In spite of the small order, you can approximately budget an hour of your time, with all overheads, to cost the business about $20-$150, depending on where in the world you are, and what's your experience level. How many hours of your messing about will it take to wipe any "savings"?

This calculus is different for hobby projects, of course. But in a business setting, quite often the simplest if more expensive way may well cost much less than the "cheapest" way that involves more engineering time.

think static lightning charges

You'll be paying for stuffing less common parts for overvoltage protection anyway. You may look for a cheaper board house if you wish. Or decide that stuffing a few parts yourself, if you're well equipped for that, may cost as much as board house expense. You'd need to have a proper workstation for that, proper flux(es), an ultrasonic board cleaner, proper technique, and so on. So it may be really a good deal to pay the board house to do it.

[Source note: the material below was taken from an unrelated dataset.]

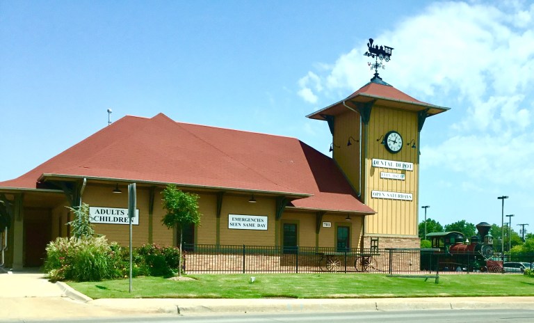 When your dental clinic has a genuine, antique railroad engine as part of its exterior decor, I think you’re doing OK. (Look to the right)
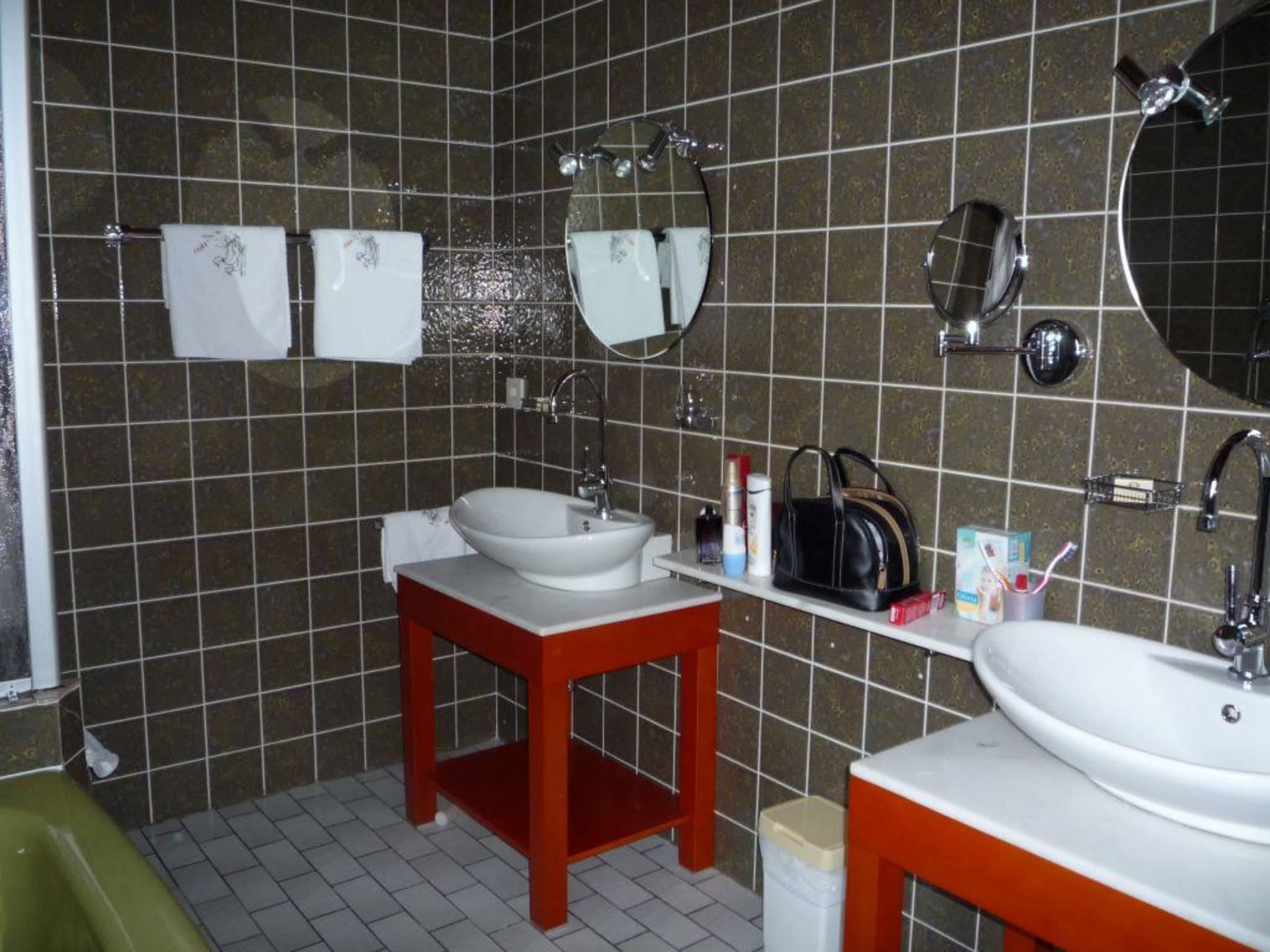 gegenüber noch eine Wanne und eine Dusche

I could buy Renesas PS2913-1-V-F3-AX which is a 120V part

That's not a high enough rating if you expect 150V transients. A 120V-rated transistor should be used with max 100V on the collector, to be conservative. If the circuit is expected to run hot (in an enclosure exposed to sunlight), even more derating is needed, say 60% of rated voltage. In hot conditions you'll also want to derate the optocoupler significantly. I'd generally not run optocoupler LEDs higher than 50% rated LED current in room temperature environment, and maybe 20% when the enclosure is in sunlight.

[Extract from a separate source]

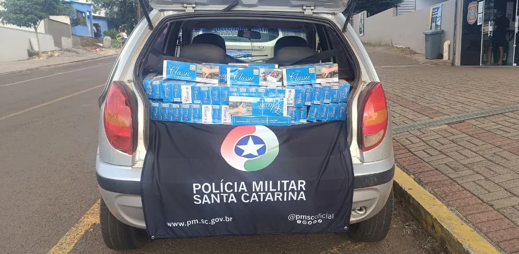 Durante a vistoria no interior do veículo, os policiais localizaram cerca de 11 caixas de cigarros de origem estrangeira, totalizando 550 pacotes, o que caracteriza, em tese, o crime de contrabando. De acordo com relato dos envolvidos, a carga teria saído de Dionísio Cerqueira com destino a Campo Erê, onde seria entregue.

I'm not sure what currents need to be switched by the optocoupler, and what CTR (current transfer ratio) parts are available at the board house. Assuming cheapo 100% CTR worst-case optocouplers, you may have just a couple mA of collector current available. You'd then need to use an external transistor to boost the current if driving a bipolar cascode, or use an inverter configuration if driving a mosfet cascode.

Answer 2

TLDR: I'd not be tempted to do this.

Although max breakdown voltage for EL357 is 80V, reverse breakdown is only 7V.
Convincing yourself that those two 2M balancing resistors will make these two devices share equally the voltage load is foolishness.

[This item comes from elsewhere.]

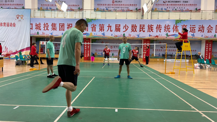 扣殺、挑球、倒鉤、跳踢……在第九屆全省民族運動會毽球比賽的熱身場上,運動員們熟練地踢著毽子,小小毽球在球網(wǎng)上凌空穿梭,上下翻飛。周口毽球代表隊運動員高紅山腳蹬舒適軟底毽球鞋,在隊友們的默契配合下,毽球上下翻轉(zhuǎn),不時甩出一道道完美的拋物線。

At best, when these devices turn on or off, their current transfer ratio spans 2:1 range. So when they're in transition, you can bet that they won't share the load equally.
And driving the LED side in parallel further compromises current-sharing.

Answer 3

You can make this work. But it would be a poor design. An improvement (but still a poor idea) would be to mod your circuit like this:

^{simulate this circuit – Schematic created using CircuitLab}

You won't get any additional isolation from HV to control using 2 optos instead of 1. Also, you have very little margin for error regarding device tolerancing - this is not a robust.

Answer 4

It might work. I agree with others that the transistors will likely experience breakdown under some conditions.

Vce breakdown in BJTs is non-destructive if the current is limited, but it's far from clear it will be sufficiently limited. The resistors may not even have much effect. You could add reverse biased diodes across each.

Unless you can test this adequately, I'd give this a hard pass and either have the PCBA house install properly spec'd parts or add them after they arrive.